Today I will be honest. This blog is a lie. I’m not premed anymore, and I’m not going back. After doing a lot of soul-searching, I’ve come to the conclusion that I do want to help people, just not in a clinical setting. I could use my talents, my mind, for something far grander: telling stories.
I’ve always been attracted to challenges. I want to fight to be the best because I genuinely believe that I am part of the best. Growing up in an immigrant home, the best took the form of prestigious job titles: lawyer, doctor, businesswoman. I latched onto the title of doctor since I was a child.
Dr. Nicole Ntim-Addae.
I worked very hard towards that goal; I aced my classes in high school, I attend Wellesley College, I’ve taken the necessary classes and labs and volunteer hours. But for me, it is a joyless process that ate away at my social life and mental health. I tried to stick it out; I could do it. I could be the mythical black woman neurobiologist medical doctor from Wellesley and Harvard or something like that, but the harder I ran towards it, the more I felt myself come up to a wall.

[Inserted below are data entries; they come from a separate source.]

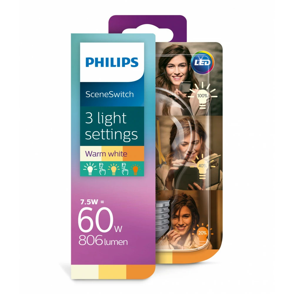 Philips LED 60W SceneSwitch standard filament, varm hvid, klar, 3 skift E27 1 stk – 8718696743096
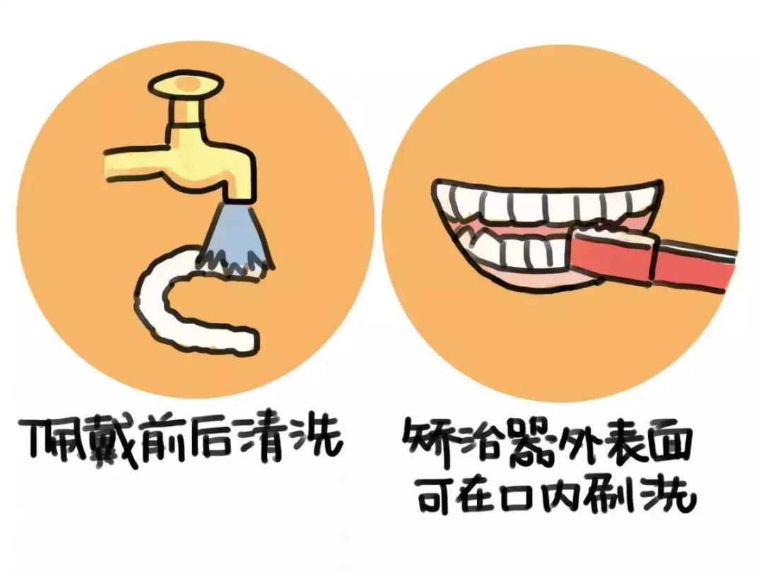 1、每次佩戴前、后请清洗矫治器,可用软毛牙刷在流动水下清洗,在早上起床和晚上睡前,可加少量牙膏清洁,减少牙套的异味。(常温水即可,不宜用太烫或太冷的水)。
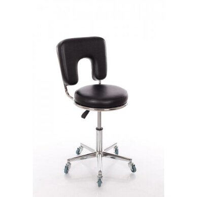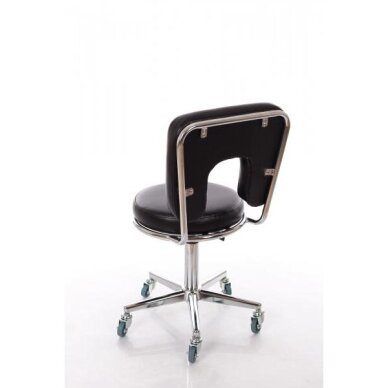 Ratastega peatool, kvaliteetne ökonahk ja pehme istmepolster ning kroomitud metalljalad koos jalatoega hoiavad teid kogu ravi vältel mugavalt. See stiilse disainiga tool täiendab teie salongi interjööri.
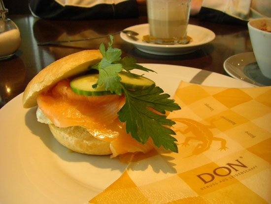 Im DON hatte ich einen Cappuccino und ’nen Lachs-bagel zum Frühstück. Danach noch einen Erdbeer-Shake. Wir quatschten gut 2 Stunden – schnell war es 14:30.
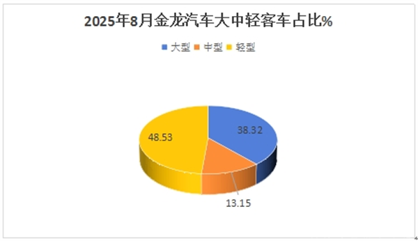 ---从产品销售结构来看,2025年8月份,金龙汽车轻型客车销量最多(占比48.53%)领跑,成为2025年8月金龙汽车市场的主体部分;大型客车销量占比38.32%居第二,中型客车占比13.15%,居最小;
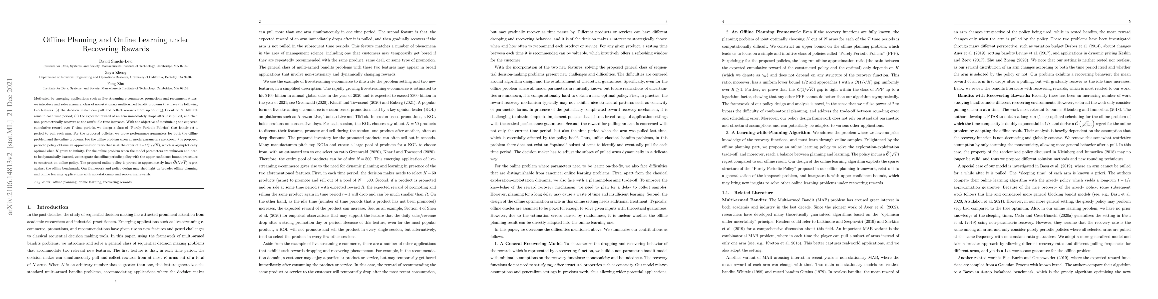 This paper addresses non-stationary multi-armed bandit problems where rewards recover over time, proposing "Purely Periodic Policies" to maximize cumulative rewards. It achieves optimal offline performance and constructs an online policy with $\widetilde{\mathcal O}(N\sqrt{T})$ regret, applicable to dynamic reward scenarios like live-streaming e-commerce.
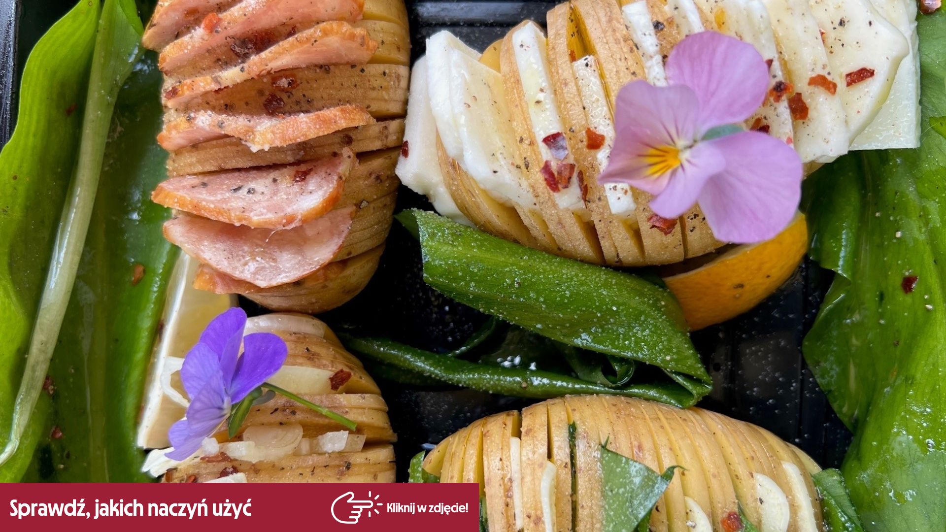 Jeśli chcesz w elegancki sposób podać pieczone ziemniaczki, wykorzystaj jadalne kwiaty (uwaga, muszą być przeznaczone do spożywania) oraz sosy. Za ich pomocą możesz stworzyć wyjątkowe, kolorowe kompozycje.

Neuroscience was exciting, and although difficult, a joy to learn. Sociology helped me develop a deeper understanding of myself in the context of society. I am an academic at heart.
But the way I want to help people has changed. I do not want to spend my life in sterile labs and attending to patients I can’t help enough. I want to make people smile, and I think that best way to do that with my skillset is to tell stories and become a philanthropist. I want to inspire people the way Oprah and Tyler Perry do: through my work as I share it with the world. I have an idea of how that will take shape over time, but I for now, I am an open book.